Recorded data
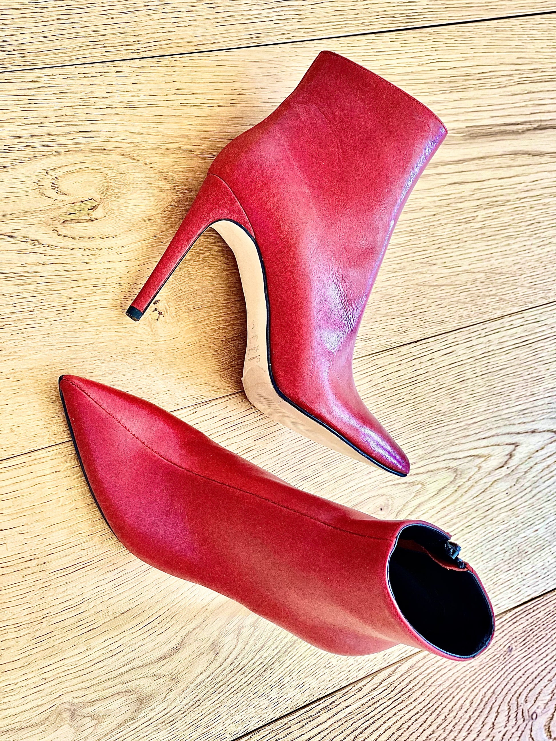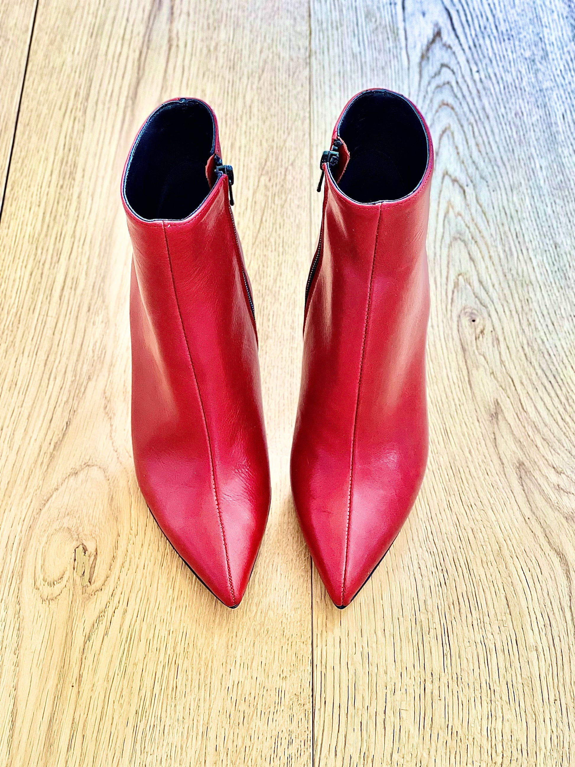 Hoge enkellaarsjes met puntige leren hak van 10 cm.
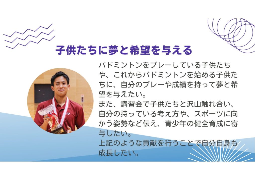先生方や町の方々、支えて来る方々の喜んでくれる姿を見て自分の嬉びに気が付く。この経験から自分が「バドミントンで活躍する」ことで恩返しや感動元気を届ける力にしている。
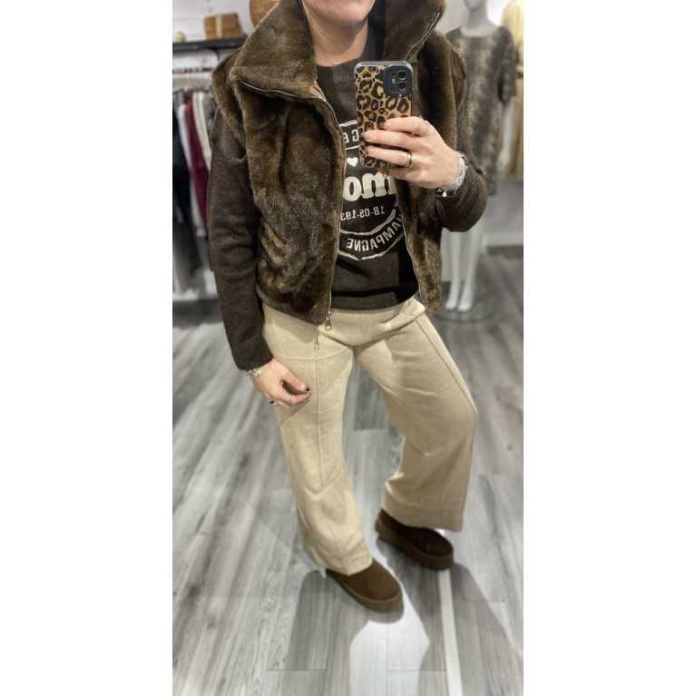 Pantalon tricot beige
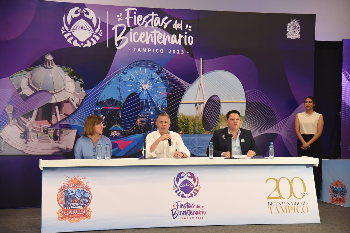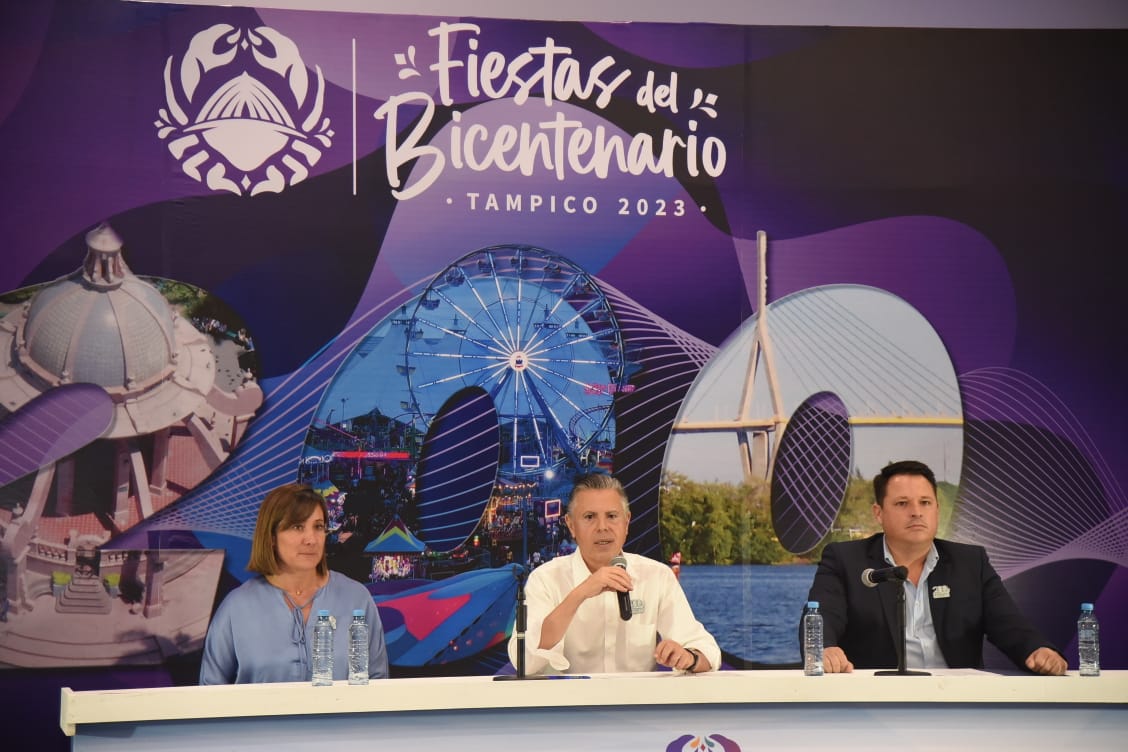 Del 31 de marzo al 16 de abril se llevarán a cabo las Fiestas del Bicentenario Tampico 2023 informó, este lunes, el Presidente Municipal Chucho Nader al encabezar el anuncio oficial de esta tradicional celebración junto a la Diputada Federal Rosa González Azcárraga y el empresario de espectáculos Michel Rivero, representante de la firma Espectaculares García.
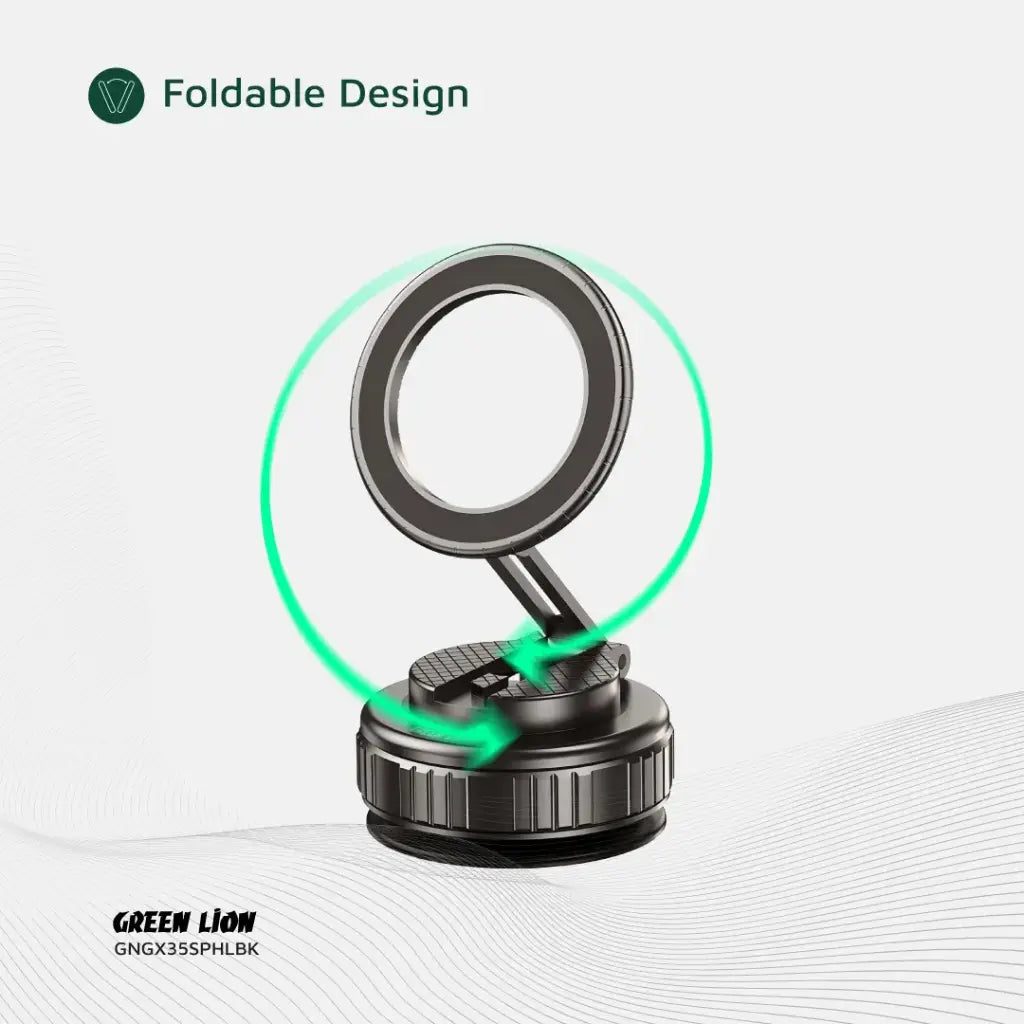 Green Lion GX-35 Suction Phone Holder - Strong & Durable with N52 Magnets, MagSafe Compatibility, 3-Axis Adjustment, Zinc Alloy Arm, Foldable Design, 2 kg Adsorption Force

* Task objective
From the line containing "Del 31 de marzo" down to the last line of the entries above, retype each line exactly as it stands, but skip the pictures.

* Task output
 Del 31 de marzo al 16 de abril se llevarán a cabo las Fiestas del Bicentenario Tampico 2023 informó, este lunes, el Presidente Municipal Chucho Nader al encabezar el anuncio oficial de esta tradicional celebración junto a la Diputada Federal Rosa González Azcárraga y el empresario de espectáculos Michel Rivero, representante de la firma Espectaculares García.
 Green Lion GX-35 Suction Phone Holder - Strong & Durable with N52 Magnets, MagSafe Compatibility, 3-Axis Adjustment, Zinc Alloy Arm, Foldable Design, 2 kg Adsorption Force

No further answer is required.